Semi-abandoned industrial units outside Fossalta (Venice) - from Streeview
Some numbers: The Veneto is in second place in Italy for loss of green field sites, having lost between 8.5% and 10.5% of its overall surface area to concrete in the period from 1956 to 2010 - between 1,550 and 1,900 km2. According to a study by ISPRA (Italy's Higher Institute for Environmental Protection and Research) the Veneto is just behind the Lombardy Region (which has lost between 9 and 12%) and ahead of Lazio and Emilia Romagna (in joint third place with 7.5 - 9%). After 250 years of industrial development the UK, of a similar order of size to Italy, has obviously also lost land, just 6% IN TOTAL to urban sprawl.
The (for me) infamous, giant "Gardens of Jesolo" shopping centre outside Jesolo (Venice) which has roof-gardens but whenever I pass just seems totally abandoned although I'm told it's still open. Below is a photo from the AGRIBET0N website, apparently boasting about it as one of their finest works!?! - above from Streeview, below, the web.

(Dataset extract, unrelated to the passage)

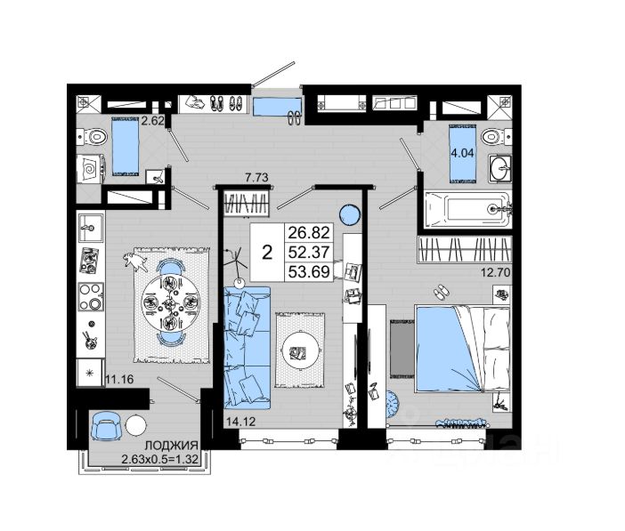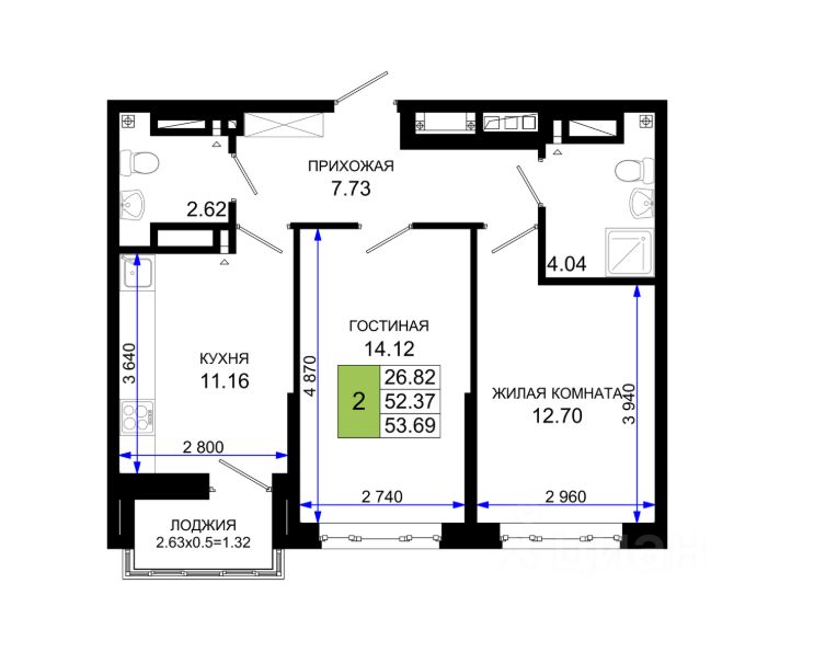 продам 2-к, Элеваторный переулок, 6/36 979 700 ₽

What does that mean in terms of area? At a provincial level between 1993 and 2006, the Region Veneto's Tavolo tecnico permanente di sviluppo disciplinare, its planning control office , estimated that the province of Verona had lost 8,000 hectares to development, followed by Venice a little less than 7,000 ha and Padua 5,000 ha. Treviso saw 4,500 hectares go under concrete, Vicenza 3,500. while the smaller provinces of Rovigo and Belluno lost 1,500 and 1,000 hectares respectively for a grand total of  33,159 hectares or 332 square kilometres. How big is that? An area roughly a fifth of the size of metropolitan London urbanised in just 13 years.  In that time the population of the Veneto grew from 4,405,288 to 4,841,933, up about 1% a year. just 436,000 new residents but a piece of ground 10 metres by 76 metres under concrete for every new resident added! Since 2006 however, and the economic crisis, those losses have slowed and many of the speculatively-contructed factory buildings and warehouses lie empty along with other, older ones, lain waste by the downturn. No "green belt", no rational aforethought, just naked, speculative greed. Utterly fucked.

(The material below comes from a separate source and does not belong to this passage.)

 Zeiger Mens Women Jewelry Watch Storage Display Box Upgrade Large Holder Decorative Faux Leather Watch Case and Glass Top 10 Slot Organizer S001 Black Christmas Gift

An anonymous Padanian idyll. The muddy river winding between its concreted banks, 
the dredgings, road embankment, trucks and sound barriers. - from Streeview
What's left? A sea of some of the most hideous townscapes in Europe. Mile after mile of soul-destroying ugliness and brutality, waste and shortsightedness. Exactly what happens when money (lots of it) meets a lack of culture and education.... a sort of sad, lower-case Dubai. I once attempted to discuss this with a notable town planning academic who shall remain nameless, recently retired from the Università Iuav di Venezia (founded in 1926 as the Istituto Universitario di Architettura di Venezia ("the Higher Institute of Architecture of Venice"), while acknowledging the problem he was extremely defensive and didn't want to talk about it ... at all!

Veneto. The Region that has made ribbon development a virtue and a centrepiece of its "growth". - from Streeview
Which is why Padania Classics is important. It's a website and book cataloguing this catastrophe They DO want to talk about it. They do want to tell you about it, both in English and Italian, holding a light up to this, admittedly minor, Crime Against Humanity. They're on Facebook too. This isn't one of those optimistic stories with a potentially happy ending; you know the sort: "If we do this then we can avoid the consequences!". The damage is done and it will take centuries of abandonment and weathering to grind the resultant mess back into the limestone river gravels it was mostly created from.

Why screw-up the countryside with asphalt and concrete on one side only when you can do it on all four? - from Streeview
I've not tried to pick the ugliest or the worst. Just a few random shots plus my favourite via Streetview to give you a flavour of sites that await the unsuspecting visitor. You have been warned.